An Investigation of Supersaturated Solutions
Making rock candy is a safe way to introduce students to solutions and crystal growth—and you can make it a tasty treat at the same time! This activity helps students visualize how a supersaturated solution grows the extra-large crystals of sucrose needed to make rock candy. Table sugar (sucrose) and water are the only required ingredients. Food coloring and flavoring are optional ingredients to enhance the taste of the candy. Using the instructions below, this activity can be completed at home or outside of the chemistry lab; it requires the use of food-grade materials and equipment.
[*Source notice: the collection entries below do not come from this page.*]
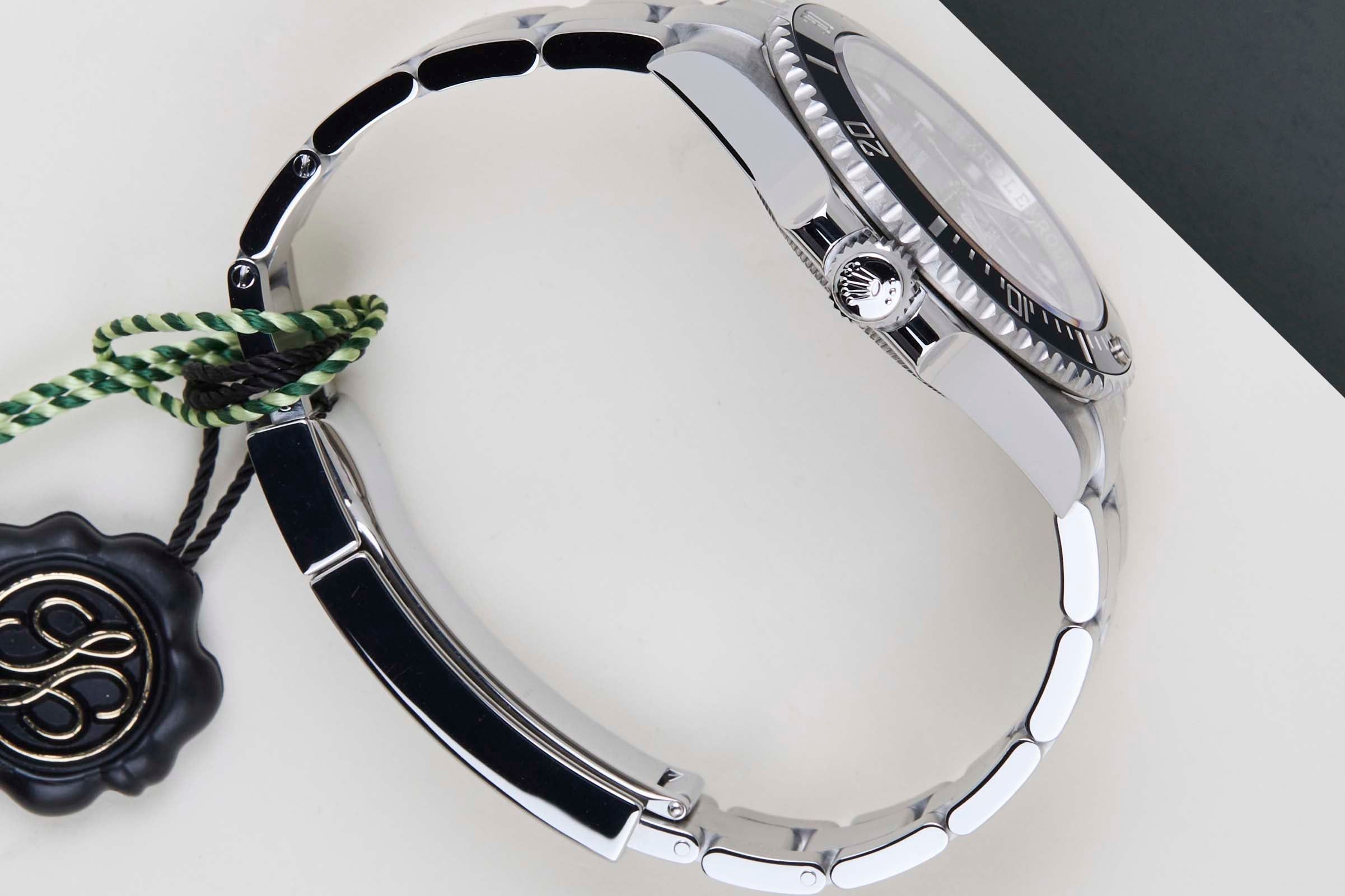 Este Rolex Submariner No Date está en estado Mint y viene con la tarjeta de garantía original de Rolex y la caja original. Además, el reloj todavía tiene garantía internacional de Rolex hasta mayo de 2027.
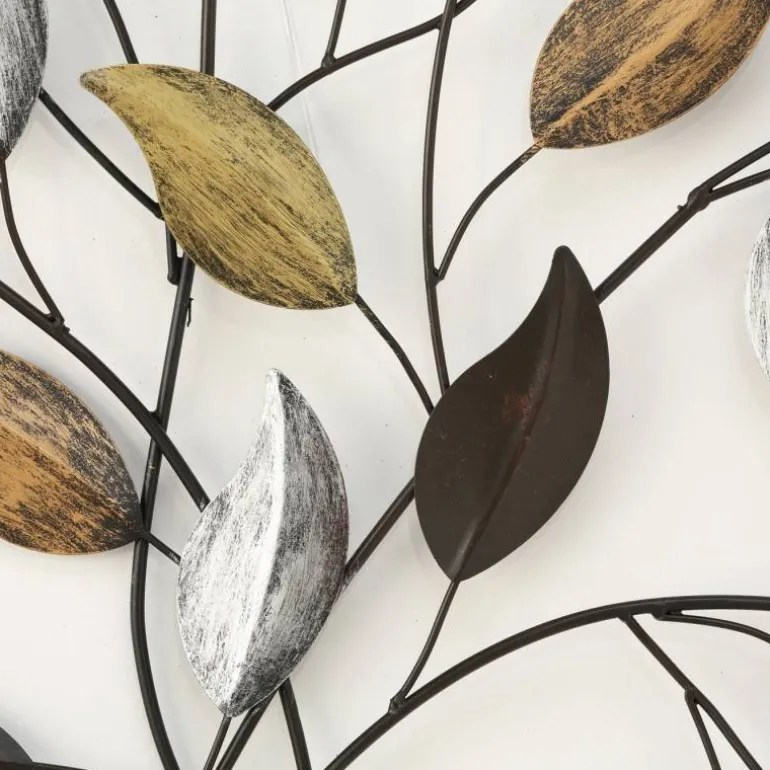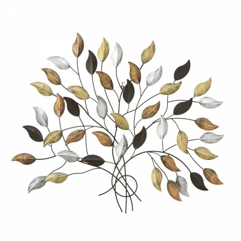 Flot og enkel vægrelief i metal med blade i sort, sølv, kobber og guld – L.103cm
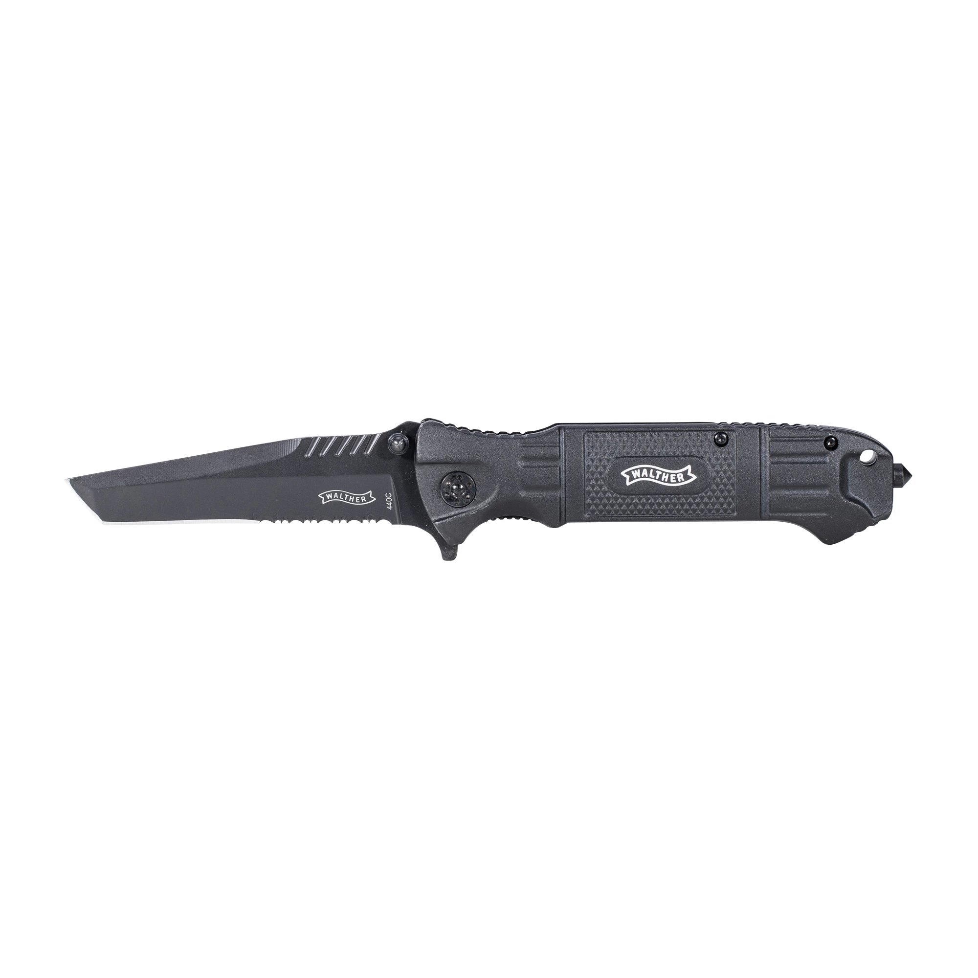 Einhandmesser mit Tantoklinge, die einen partiellen Wellenschliff aufweist. Durch den “Flipper” lässt sich das Taschenmesser blitzschnell und bequem öffnen. Die Klinge arretiert zuverlässig im Liner-Lock System. Am Ende des ergonomisch geformten Aluminiumgriffs befindet sich eine Öse für einen Fangriemen sowie ein Dorn als Glasbrecher. Der Gürtelclip ist beidseitig montierbar.

Next Generation Science Standards
Disciplinary Core Idea
PS1.A: Structure and Properties of Matter
Three types of solutions can be made with a given solute and solvent: unsaturated, saturated, and supersaturated. An unsaturated solution has not reached its limit of solubility for a solute at a given temperature. A saturated solution has reached its limit of solubility for a solute at a given temperature. Any additional solute just falls to the bottom of the container without dissolving. A supersaturated solution holds more dissolved solute than it normally would at a given temperature. When making rock candy, this is done by raising the temperature to the boiling point of water, dissolving a lot of sugar, and then allowing the solution to cool undisturbed. If undisturbed at room temperature, the solution retains the extra dissolved solute at the higher temperature; however, if more crystals of the solute are added, they also act as seed crystals (nucleation sites for crystal formation). As the solution evaporates slowly in a dust-free environment (dust can also become nucleation sites), the crystals grow larger as excess dissolved solute crystallizes.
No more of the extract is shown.